Today has been one of those days for me today. I have just blogged about it (I would love if you could read it). Sharing is caring. Hope you feel better x
Don’t take this the wrong way – I truly mean it as a compliment. Your writing is significantly better when you’re writing your feelings; it is easy to tell when you’re writing from your heart. I am expecting that, while writing your novel, you’ll truly become the characters and pour your heart out through them! 🙂
It’s a gift – not many people can be so honest and raw on paper.
This new novel I’m writing is definitely coming from my feelings. I just have to be in a motivated mindset to be able to take anything I’ve ever felt and inject it into a character who is just as psychologically troubled as I am. But I’m learning how to write when I’m depressed because all I need is motivation. I don’t have to be happy, I don’t have to be feeling my best, or even hopeful–just motivation and I can concentrate and make certain my feelings aren’t too much into my character but just enough that readers can love what I’ve written.

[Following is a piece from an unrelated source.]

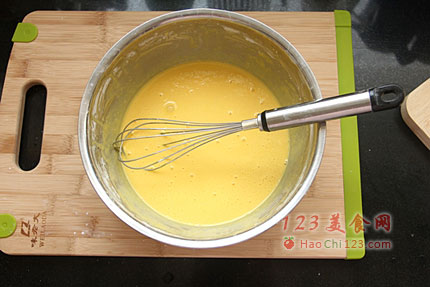 2、鸡蛋磕入料理盆中打散,用打蛋器搅拌均匀,加入玉米淀粉和食盐继续搅打,直至蛋糊细腻光滑,无任何颗粒。

The other day, I was talking with my wife about probably the lowest point in my adult life. I wasn’t teaching what I wanted or how I wanted and was getting used by the system, I wasn’t writing anymore, and I wasn’t publishing what I had written. I was pretty miserable, and I knew it, and after talking about it with my wife, we decided I needed to take the then-drastic measure of stepping away from one part of my career to focus on the other. It was absolutely the right thing to do, and I’m in a better place professionally, across the board, because I did it, but at the time it was soul-quaking to make a change like that, and I was as depressed about making that change as I was by the circumstances that necessitated that change.
But here’s the thing: not once in all that time did I ever think to myself, “Wow, I’m really depressed.” In fact, it wasn’t until this conversation with my wife the other day that I realized I had been depressed. I knew I was miserable, but I also was really adept at telling myself I wasn’t, or at least at telling myself it wasn’t that big a deal.
That’s what makes this post so brave and so important. It’s impressive enough to be able to manage and live with depression. But to be able to confront it, let alone publicly? That’s just plain heroic.
So, thanks for posting this!
Thanks so much for telling me this. It makes me want to get out of bed (literally) to hear that what I did was heroic. I just don’t think we should have to hold anything back. Let’s be attention seekers. Let’s be loud. Let’s demand to be heard. I don’t believe there is any shame in admitting what we feel. Holding it in is what gets us in trouble. Letting it out can save us. I just want people to know all of my, especially potential fans. They deserve that so they can see me as a source who can help them with whatever problems they have.